She was a polarising figure in life, so it was hardly surprising that Margaret Thatcher should prove equally divisive in death. As well the sharply differing verdicts on her legacy – and, on Irish radio at least, the balance sheet tipped well into the debit side – there were divergent opinions about how best to mark her passing.
Mooney (RTÉ Radio 1, weekdays), Derek Mooney was, for one, exercised by the issue, as he pondered the full ramifications of the former British prime minister's passing. Did her death mean, he wondered, that the script of the male-stripper drama The Full Monty would need to be changed?
It was not as trivial a question as it might first appear. The Full Monty , both the 1997 film and the currently touring stage adaptation that occupied Mooney's thoughts, is set in a Sheffield ravaged by the steel-mill closures of the Thatcher era – and one scene featured a cleaner spitting on a bust of Thatcher at the local Conservative Club, raising obvious questions of sensitivity for the day that was in it. (The spitting scene was altered on the night, Mooney told listeners the following day.)
Even so, the presenter sounded discomfited that this ostensibly light-hearted and much-anticipated play was now overshadowed by its political subtext. In advance of the play’s opening night in Dublin, the reporter Brenda Donohue had prepared a suitably saucy item on a real-life male stripper doing his rounds, but in the changed context of Monday it sounded wan.
Mooney himself took a novel tack on the news. Hearing that the late premier had died at the Ritz Hotel in London, he commented that he would be uncomfortable sleeping in a bed where someone had passed away. When some listeners took offence at this, Mooney reacted tetchily, betraying the petulant streak he sometimes exhibits when his show is not proceeding as smoothly as he would like.
But Mooney’s show also provided the most viscerally honest reaction to Thatcher’s death. The host spoke to John Law, a former steelworker and teacher he had met in Sheffield, who had been eating lunch at a pub in his hometown when the news was announced.
“A massive cheer went up,” Law said, adding that he had joined in the revelry. “If somebody has brought privation and want to your family, you’ll be cheered to hear she’s passed,” he explained.
Mooney sounded nonplussed at this hostility, saying it was hard for people in Ireland to comprehend. “We were removed from it,” said the presenter, a remark that suggested he had not paid much attention to events north of the Border during the 1980s, unlike his guest.
“The way she treated the hunger strikers during her time as prime minister apparently encouraged a lot of people to join the IRA,” Law helpfully informed his host, “so she had some effect on Ireland as well.”
He may strive to project an innocuous blandness on current affairs issues, but Mooney provided the blank canvas for the day’s most loaded verdict.
There were other engaging takes on the matter, however.
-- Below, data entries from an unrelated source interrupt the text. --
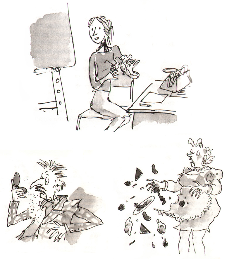 Иллюстрации в книге тоже несерьёзные: они похожи на карикатуры и идеально передают атмосферу книги. Например, учительница Матильды изображена как абсолютно нормальный человек, а родители главной героини больше похожи на карикатуры. Как правило, чем больше утрирован персонаж в тексте, тем смешнее он выглядит на рисунке.
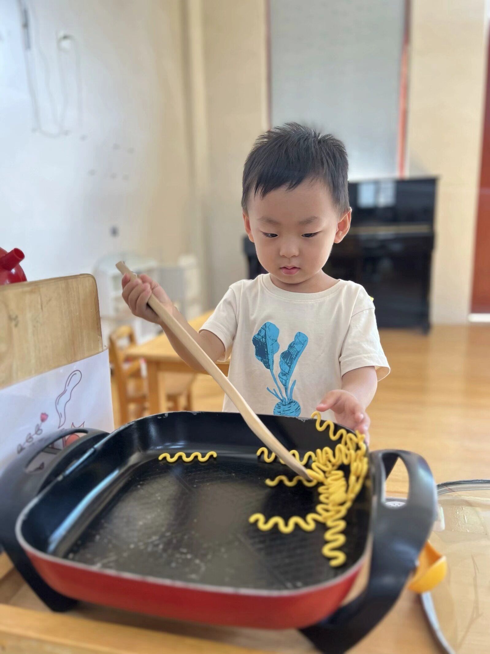 “今天我要给大家煮好吃的饭菜。”
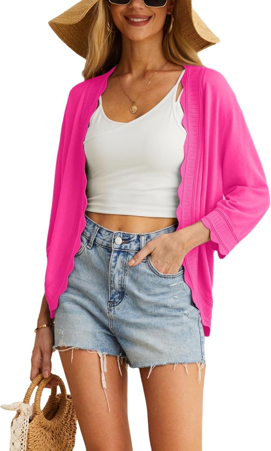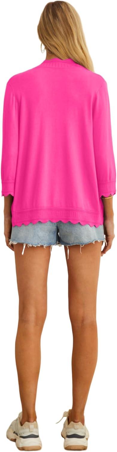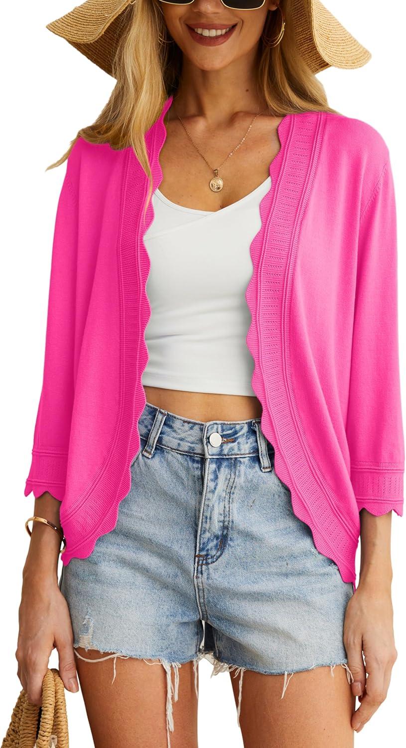 GRECERELLE Women’s 3/4 Sleeve Summer Cardigan Lightweight Casual Open-Front Cropped Shrug Sweaters for Women(Hot Pink)

Speaking on Today with Pat Kenny (RTÉ Radio 1, weekdays), the former hunger striker Laurence McKeown claimed indifference to the news – "It's wrong to gloat about people dying," he said – and even sought to play down her image as the IRA's nemesis. Meanwhile, the former Fine Gael foreign minister Peter Barry sounded appalled when Sean O'Rourke suggested on News at One (RTÉ Radio 1, weekdays) that, as a businessman, his guest might have admired Thatcher's economic policies. "Whoa, whoa, whoa," interjected Barry. Disagreeing with her "very right-wing views", he said that while many sectors were to blame for Britain's woes in the 1970s, "she chose to focus her enmity on unions". Such arresting divergences from the expected script kept the rolling analysis on the topic from going stale.
But there were conspicuous gaps in the conversation. The one thing everyone agreed on was Thatcher's immense achievement in becoming the first female British prime minister, which made the lack of women discussing the matter on air all the more striking. Mary O'Rourke, on The Right Hook (Newstalk, weekdays), was an exception. The former Fianna Fáil minister expressed grudging admiration of Thatcher's ability to reduce her male ministers to "jelly beans", but she told George Hook that, overall, she didn't like Thatcher's domineering style. She also peevishly remarked that the British PM didn't trust Charles Haughey – an indication that not all Thatcher's instincts were wrong.
It was refreshing to hear this rare, if idiosyncratic, female perspective on a show where the gripes of its cantankerous male host normally rule the roost. Lest anyone think Hook was suddenly in touch with his feminine side, however, he also expressed bafflement at the columnist Kevin Myers's assertion that Thatcher controlled men by being "incredibly sexually charismatic". Hook was dismayed not by the reductive crassness of Myers's remarks, however, but by his judgment of looks. "If Margaret Thatcher was at a rugby-club disco she would never have got a dance," he said dismissively. Having heard that, one suddenly felt a surprising surge of sympathy for the Iron Lady.